My colleague Michael Letschin @mletschin wrote this post for our corporate blog, and asked me to provide a bit of color and a bit of editing. I was honored to have even a small part of this educated perspective.
The latest in storage trends today rely on flash or solid state storage, which seems a great method to speed up applications, speed up virtual machines and overall, to make your system run faster; but what happens when that same fast SSD fails? Jon Toigo does a good job explaining SSD failures here – http://goo.gl/zDXd2T. The failure rate on SSD, because of the cell technology involved is of huge concern. Many companies have looked for ways to solve this: from adding in wear leveling, or cell care, or even adding capacity that is not advertised just to have cells to put data writes that are new, while deleting the old blocks in the background. This is completely dependent on the drive manufacturer to save your disk.
Now the important question – Did you get a choice when you bought your enterprise storage as to what manufacturer’s SSD were your “fast” drives? Unlikely, and, without it you wouldn’t know if your drives will be the fast rabbit that never slows down to win the race, or the one that stops on the side of the road which could easily be overtaken by the tortoise.
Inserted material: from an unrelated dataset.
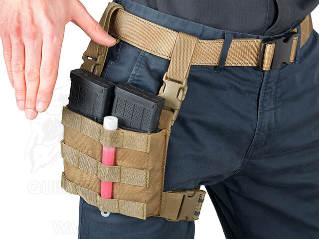 Siempre falta sitio en nuestra equipación donde poner un cargador extra o algún pouch tontorrón. Pues ahí es donde entra este panel para la pierna de 8Fields. Esta bolsa modular se utiliza para sostener municiones, cargadores y otros elementos esenciales. Está equipado con un bolsillo canguro para insertos elásticos de cargadores y cintas PALS para montar bolsas adicionales y fundas en el sistema MOLLE. Tiene tres correas de sujeción, 2 para el cinturón y 1 para rodear el muslo con una cinta de goma antideslizante para que el panel no se mueva mientras se desplaza.
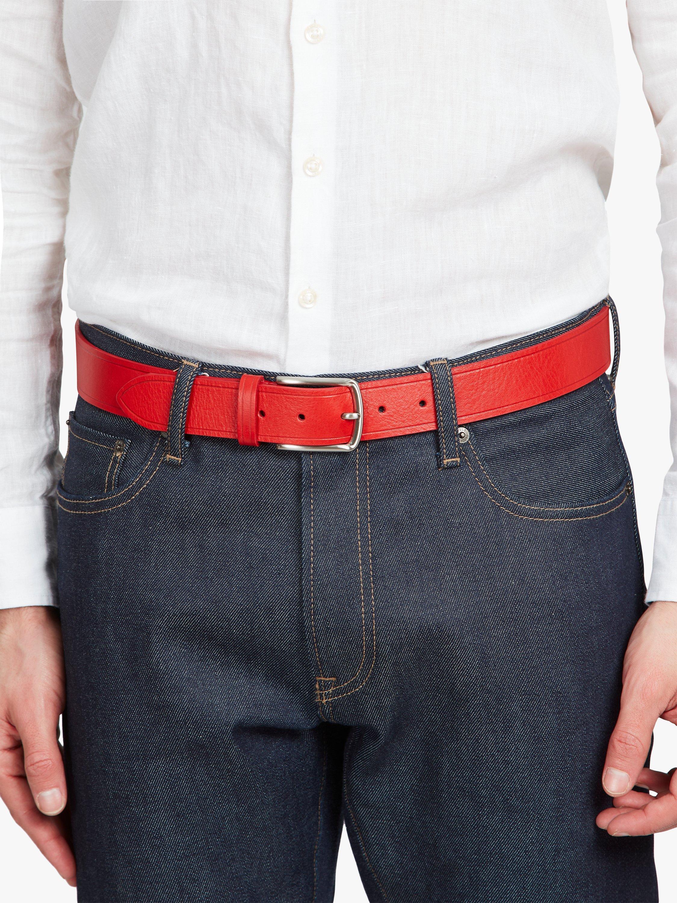 Reinforced with a leather makeup for a long wearing piece, this belt by Simon Carter effortlessly suits a smart wardrobe.

This is a situation in which using a ZFS based file system like Nexenta could help not only solve, but let you know exactly what you have, and how you need to manage the life span and speed of your enterprise class storage. Nexenta is based on the ZFS file system, and uses commodity drive solutions, so the first problem of not knowing what drive you have is instantly solved, because you can now use best of breed, SSD or flash, and replace them as newer technology arises.
The real secret sauce comes into play when you combine the best in class SSD protection with a file system built to optimizethe usage of the SSD, opting to use DRAM as much as possible and isolate the read and writes needed for normal usage. ZFS utilizes the hybrid storage pool for all data storage. ZFS inherently separates the read and write cache, each using its own SSD such that it should be selected specifically for the use case. SSD wear is more commonly known for write operations, in ZFS, the ZIL, or ZFS Intention Log handles this.
For ZIL drives it is recommended to use SLC (Single Layer Cell) drives or RamSSD, like ZeusRAM. SLC drives have a much lower wear rate. To see an analysis of different types of SSD look here – http://goo.gl/vE87s. Only synchronous writes are written to the ZIL, and only after they are first written to the ARC, (Adaptive Replacement Cache) or the server’s DRAM. Once data blocks are written to the ZIL a response is sent to the client, and data is asynchronously written to the spinning disk. The writes from the client are not the only SSD writes done. When using a tiered storage methodology, blocks of data must be written to the read cache prior to being read. This is the case with ZFS and hybrid storage pools also, however the differentiator is how often the blocks are written to the L2ARC, Layer 2 Adaptive Replacement Cache. The L2ARC is normally placed on MLC or eMLC SSD drives and is the second place that the system looks to find data blocks that are commonly used after the ARC/DRAM. It is not uncommon for other files systems to use a similar approach, however they use least recently used (LRU) algorithm. This does not account for if the data blocks may be used on a frequent basis but a large data read is done, from a backup for instance, and the blocks are shifted. The algorithm used for ARC and L2ARC accounts for these blocks and maintains data blocks based on both most recently as well as most frequently used data. Specifics are found here – http://goo.gl/tIlZSv.
The way that data is moved from and to SSD with ZIL and L2ARC is impactful not just for the wear time on the SSD but also on power consumption, that is paramount in the datacenter of the future. Using this approach allows systems to be built using all SSD footprints and minimal power, or even slower drives for the large capacity, while maintaining high level performance.
In many ways, the tortoise and hare analogy plays well in what we’ve been discussing. Leveraging the power of SSD, and the proper ones at that, will allow you to place the sheer power and lean nature of the Hare, while employing the economy and efficiency of the Tortoise. This, in a way, is the nature of ZFS. Power and economy wrapped up in one neat package. The real magic comes from the ability to tune the system either upward or down in an effort to get it to perform just the way you’d like it to. This is easily done simply by adding or removing SSD to the mix either in ZIL or L2Arc capacities.
There’s nothing inherently wrong with being a tortoise, but, to be a hare, well designed, and performing at peak efficiency, but also enduring for the entire race, really seems like the best way to go, doesn’t it?